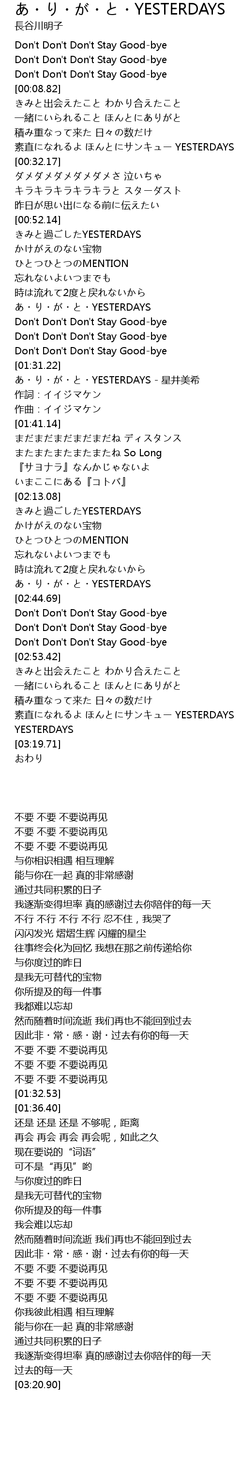 | [02:43.19] | あ・り・が・と・YESTERDAYS |
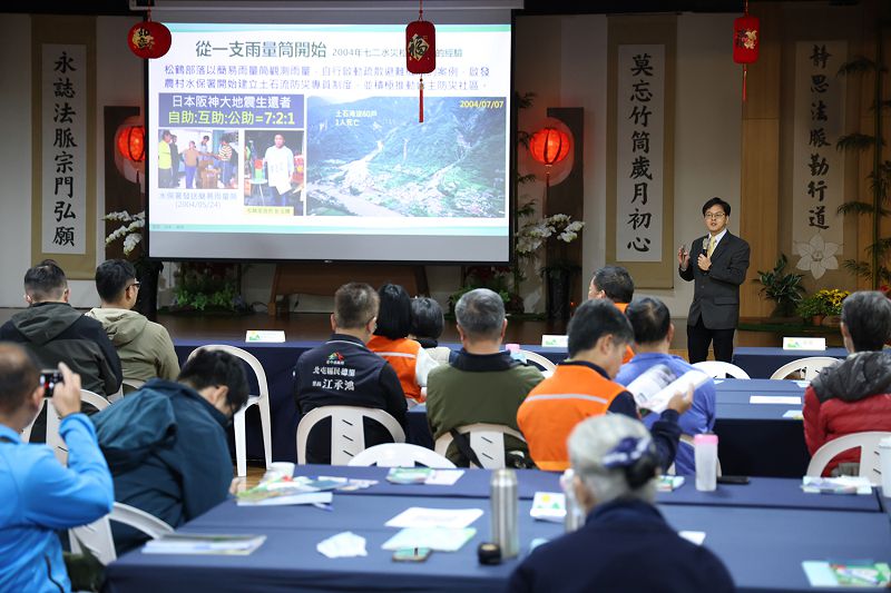 農村水保署主任秘書陳重光於致詞時指出,面對極端氣候挑戰,單靠政府資源已不足以因應。慈濟在921地震時的高效行動力,以及在花蓮馬太鞍溪堰塞湖事件中的默默付出,展現了極強的人文關懷,陳重光:「台積電是經濟的護國神山,慈濟則是心靈的護國神山。」他強調,未來防災將結合AI與智慧科技,推動系統化管理,「房子倒了可以重建,但生命無法重來。」
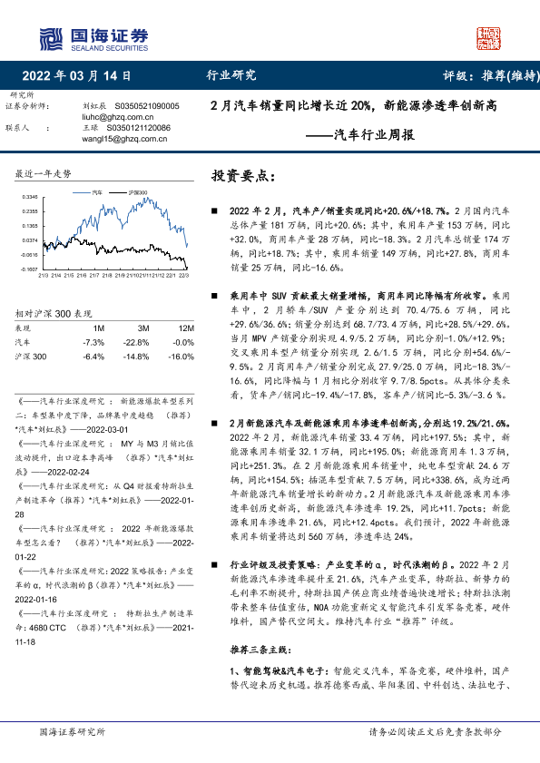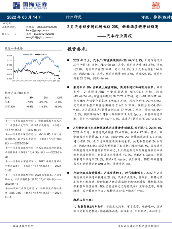 【国海证券】【20220314】2月汽车销量同比增长近20%,新能源渗透率创新高-20页
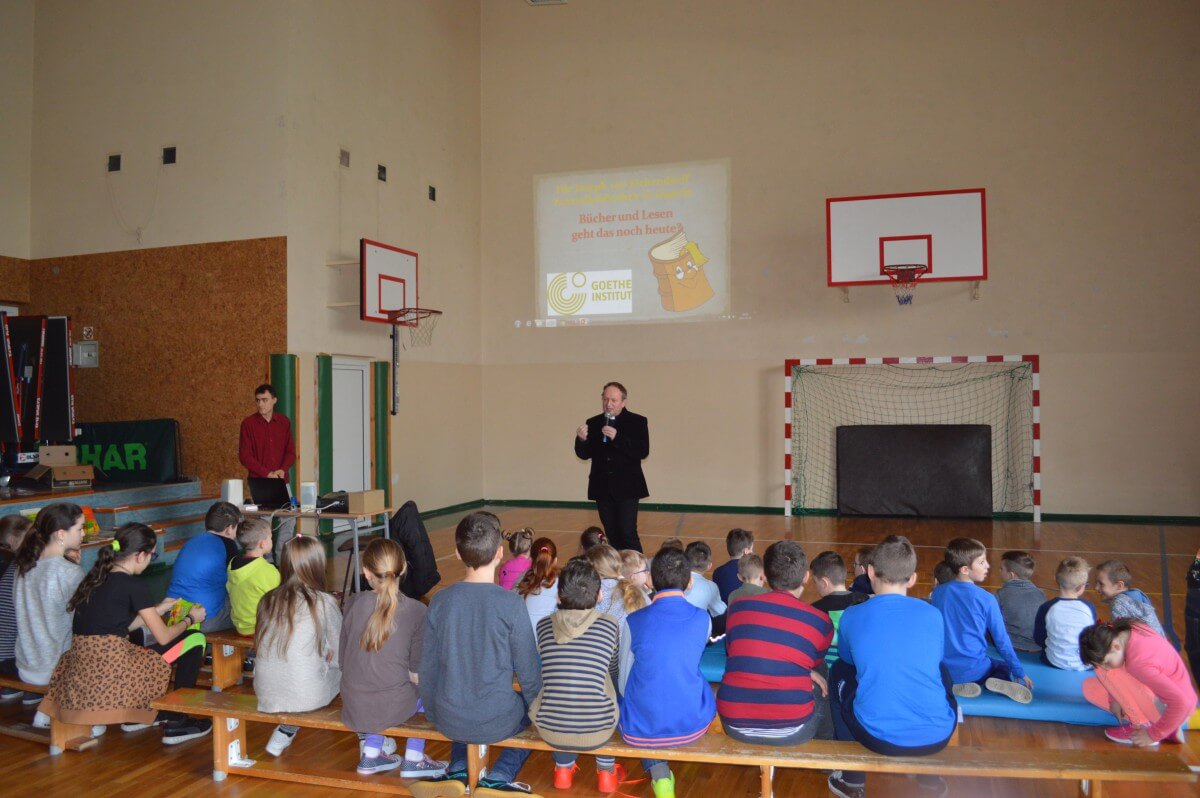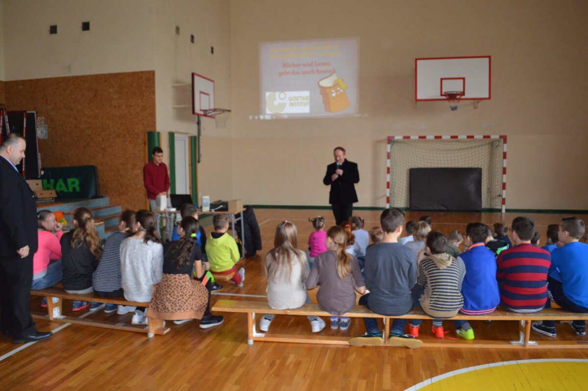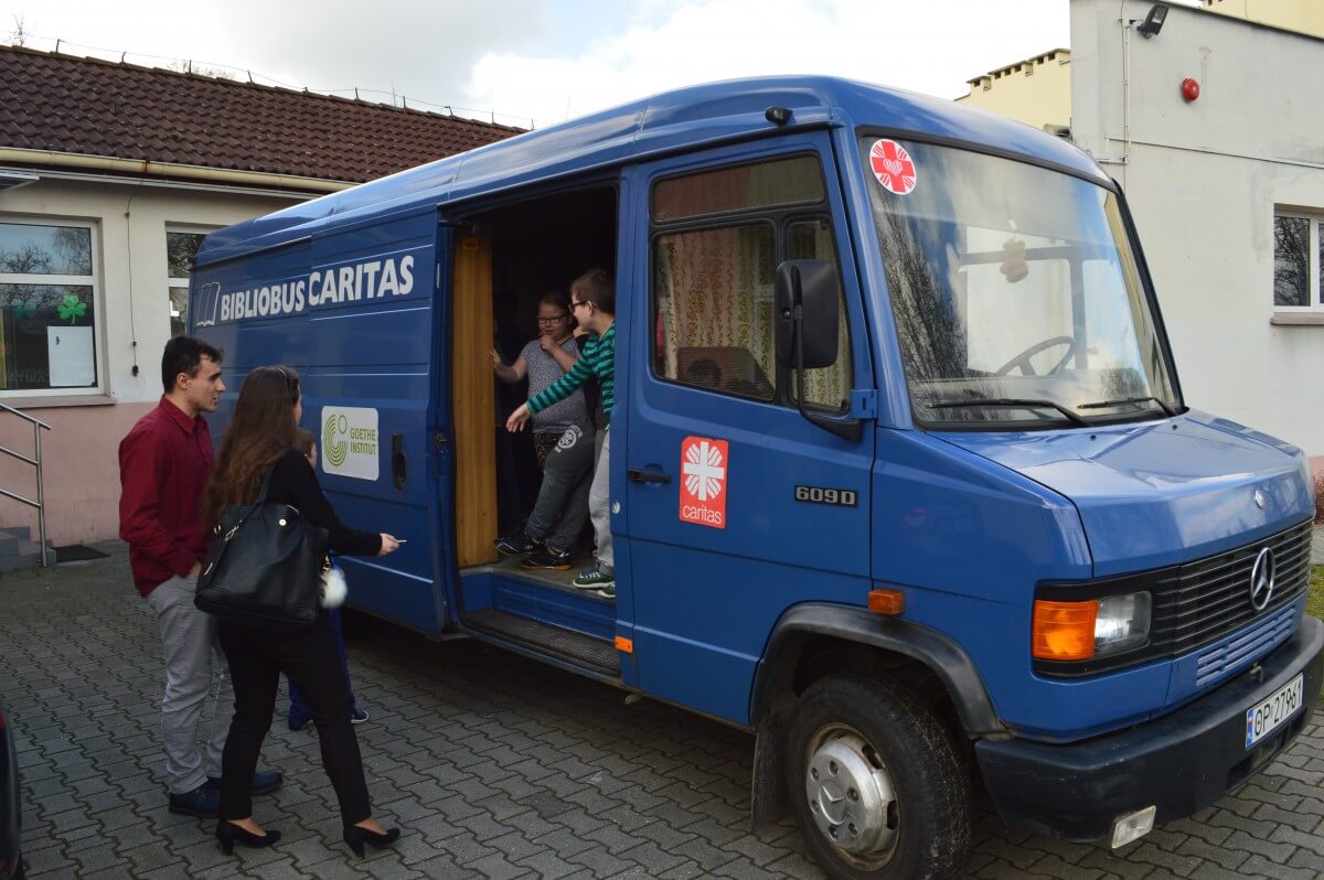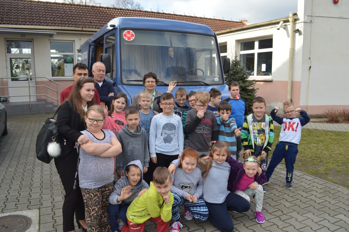 W piątek, 24 marca do szkoły przyjechał bibliobus. Dzieci z klas IIa, IIb, IIIb oraz IIIa wzięły udział w interesującej prezentacji, podczas której została im przypomniana wartość tradycyjnej książki. Dzieciom przekazano również, żeby rozsądnie i z umiarem obchodzili się z tabletami(prezentacja krótkiej bajki „Homo tabletis”) oraz innymi elektronicznymi i multimedialnymi urządzeniami. Słuchacze chętnie dyskutowali o walorach czytania, a także próbowali odpowiedzieć na pytanie, która książka jest lepsza – tradycyjna papierowa, a może e-book. Po krótkiej prezentacji każde dziecko miało okazję poznać bibliotekę na kółkach i wypożyczyć książkę. Niektórzy uczniowie zasiedli nawet za kierownicą bibliobusa. Młodzi czytelnicy, którzy zabrali książkę ze sobą do domu, mają możliwość wzięcia udziału w konkursie. Zadanie konkursowe to stworzenie pracy plastycznej dowolną techniką dotyczącą książki. Bibliobus to objazdowa wypożyczalnia książek prowadzona przez Stowarzyszenie Bibliotek Caritas im. Świętego Karola Boromeusza w Opolu. Stowarzyszenie ma dwa bibliobusy. Jeden odwiedza miejscowości w rejonie kluczborskim, a drugi, obsługuje powiat opolski.
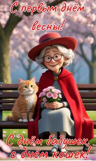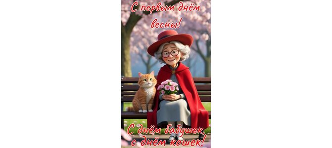 Открытка "С первым днём весны, с днём бабушек, с днём кошек"
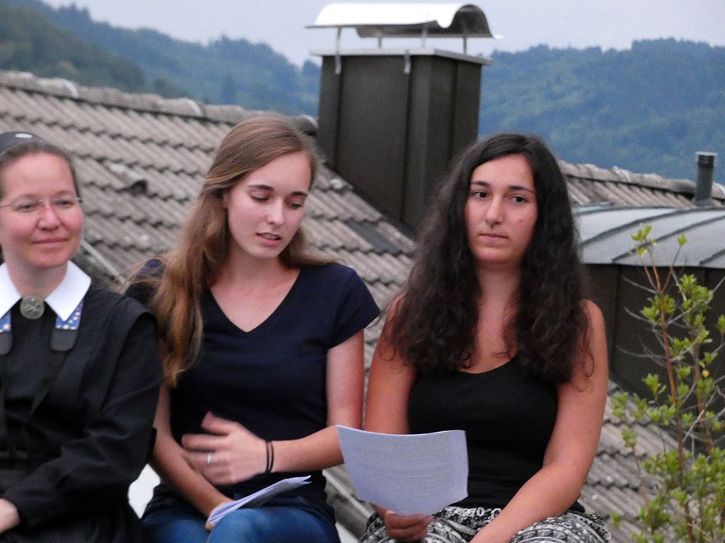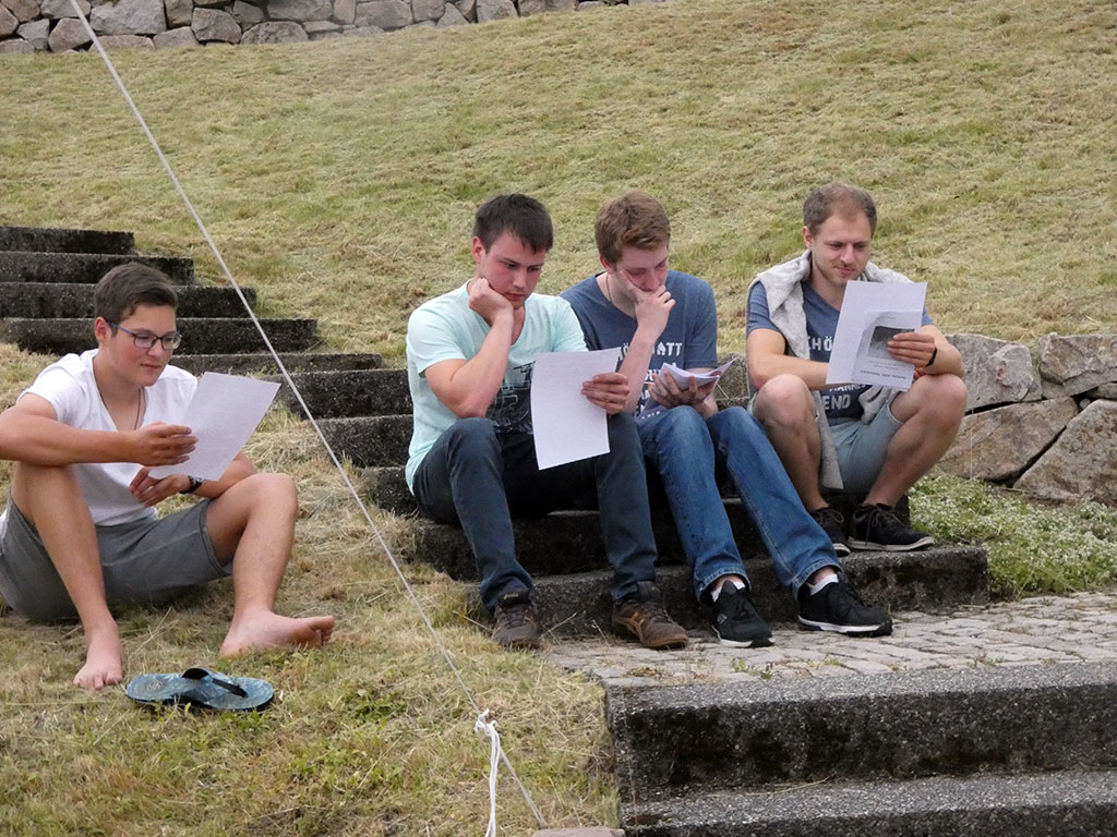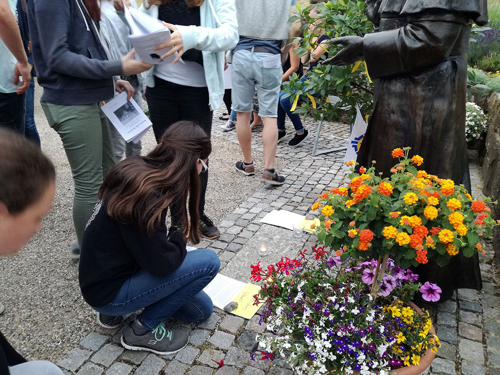 Im nächsten Teil haben die Jugendlichen – in direktem Kontakt, bei der Kentenich-Statue – die Möglichkeit gehabt zu hören, wie und was Kentenich zu sagen hat. Zu Beginn hat Kentenich, anhand einer Originalaufnahme aus dem Jahr 1967, eine Geschichte erzählt: „Und heult der Sturm und tobt der Wind und kracht der Blitze Feuer. Ich denke wie des Schiffers Kind: Der Vater sitzt am Steuer“.
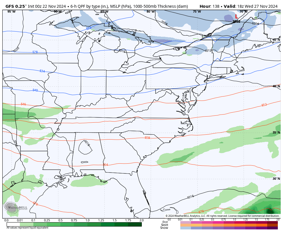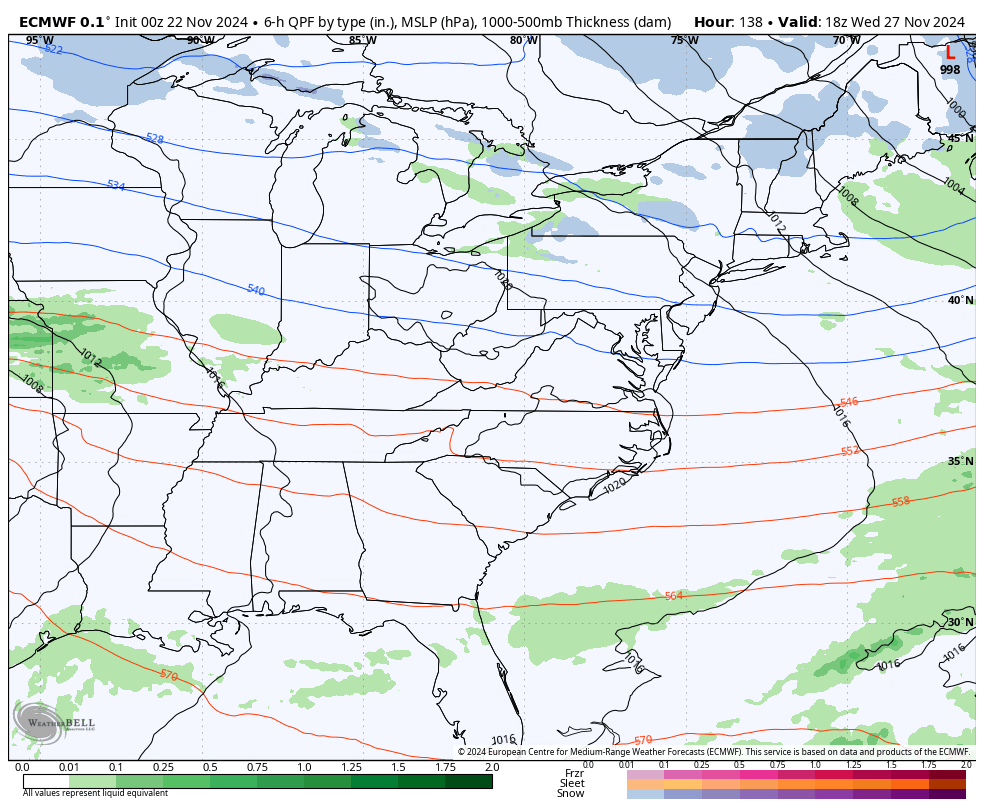 That leaves a west to east boundary across the region with additional storm systems likely to roll along it over the long Thanksgiving weekend. As expected, we find the operational models having issues with which system to focus on and where to put it.

• WHAT IS BEING ASKED
Repeat all of the entries above exactly. Keep pictures out of it.

• ANSWER TO THIS PROBLEM
 | [02:43.19] | あ・り・が・と・YESTERDAYS |
 農村水保署主任秘書陳重光於致詞時指出,面對極端氣候挑戰,單靠政府資源已不足以因應。慈濟在921地震時的高效行動力,以及在花蓮馬太鞍溪堰塞湖事件中的默默付出,展現了極強的人文關懷,陳重光:「台積電是經濟的護國神山,慈濟則是心靈的護國神山。」他強調,未來防災將結合AI與智慧科技,推動系統化管理,「房子倒了可以重建,但生命無法重來。」
 【国海证券】【20220314】2月汽车销量同比增长近20%,新能源渗透率创新高-20页
 W piątek, 24 marca do szkoły przyjechał bibliobus. Dzieci z klas IIa, IIb, IIIb oraz IIIa wzięły udział w interesującej prezentacji, podczas której została im przypomniana wartość tradycyjnej książki. Dzieciom przekazano również, żeby rozsądnie i z umiarem obchodzili się z tabletami(prezentacja krótkiej bajki „Homo tabletis”) oraz innymi elektronicznymi i multimedialnymi urządzeniami. Słuchacze chętnie dyskutowali o walorach czytania, a także próbowali odpowiedzieć na pytanie, która książka jest lepsza – tradycyjna papierowa, a może e-book. Po krótkiej prezentacji każde dziecko miało okazję poznać bibliotekę na kółkach i wypożyczyć książkę. Niektórzy uczniowie zasiedli nawet za kierownicą bibliobusa. Młodzi czytelnicy, którzy zabrali książkę ze sobą do domu, mają możliwość wzięcia udziału w konkursie. Zadanie konkursowe to stworzenie pracy plastycznej dowolną techniką dotyczącą książki. Bibliobus to objazdowa wypożyczalnia książek prowadzona przez Stowarzyszenie Bibliotek Caritas im. Świętego Karola Boromeusza w Opolu. Stowarzyszenie ma dwa bibliobusy. Jeden odwiedza miejscowości w rejonie kluczborskim, a drugi, obsługuje powiat opolski.
 Открытка "С первым днём весны, с днём бабушек, с днём кошек"
 Im nächsten Teil haben die Jugendlichen – in direktem Kontakt, bei der Kentenich-Statue – die Möglichkeit gehabt zu hören, wie und was Kentenich zu sagen hat. Zu Beginn hat Kentenich, anhand einer Originalaufnahme aus dem Jahr 1967, eine Geschichte erzählt: „Und heult der Sturm und tobt der Wind und kracht der Blitze Feuer. Ich denke wie des Schiffers Kind: Der Vater sitzt am Steuer“.
 That leaves a west to east boundary across the region with additional storm systems likely to roll along it over the long Thanksgiving weekend. As expected, we find the operational models having issues with which system to focus on and where to put it.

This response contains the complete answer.